Post by no evidence no belief »

otseng wrote:
no evidence no belief wrote: It's not just the conclusion. It's also the implicit premise. That's my point.
It's a premise for one of the possible explanations, but not for all the possible explanations.
Right. The existence of God is the premise you must start from, in order to get to the conclusion that God exists. God exists therefore God exists.

If you do not posit an intelligent being at the big bang, you cannot posit that the concept of "preference" exists at the big bang, therefore you cannot posit that life is preferable to not life, therefore you cannot posit fine-tuning, therefore you cannot argue for God from fine-tuning.

God exists, therefore preference exists at the big bang, therefore the universe was fine-tuned, therefore God exists.
The question is what can account for (the appearance of) fine-tuning?
I am not clear of what you mean by "appearance of fine-tuning".

To help me understand, could you give me an example of one way the physical constants could be, that would NOT appear to be fine tuned to produce... whatever it is they would produce?

"The fine-tuned Universe is the proposition that the conditions that allow X can only occur when certain universal fundamental physical constants lie within a very narrow range (physical constants A), so that if any of several fundamental constants were only slightly different, the Universe would be unlikely to be conducive to the establishment and development of X"

Physical constants A produce result X.

If physical constants A were slightly different, they would not produce result X.

What set of constants would that NOT be true for?

Remember: You CANNOT claim that A is preferable to not-A, because the instant you appeal to the concept of "preference" you're automatically presupposing an intelligence at the big bang and making your argument circular.
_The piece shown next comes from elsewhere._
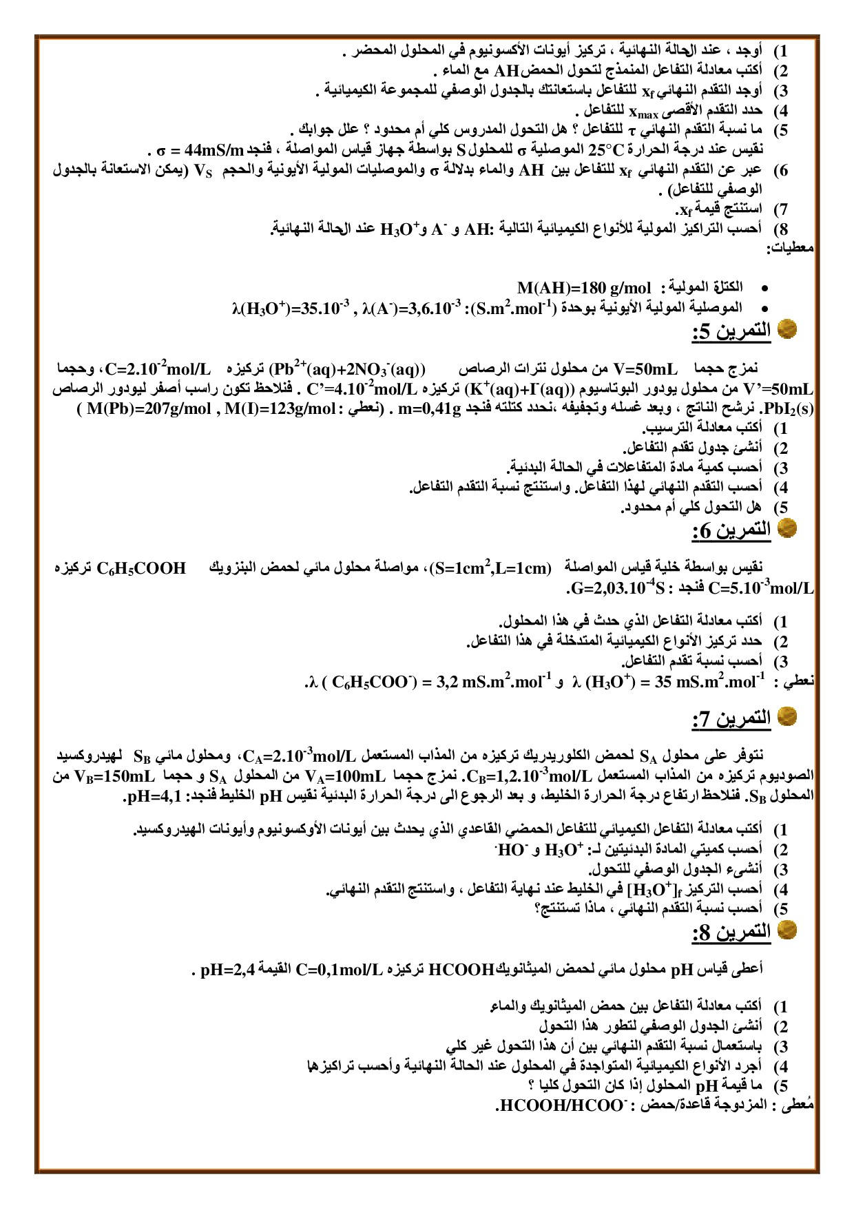 التحولات الكيميائية التي تحدث في منحيين - تمارين غير محلولة 2

So without making any reference to preference, explain how A producing X is more noteworthy than, say, B producing Y.

In other words, give me an example of physical constants to which the wikipedia definition of fine-tuning would NOT apply. Please describe one way the universe could be that would allow an external observer to say "Well, being that the universe is the way it is, I CANNOT make the argument for God from appearance of fine-tuning".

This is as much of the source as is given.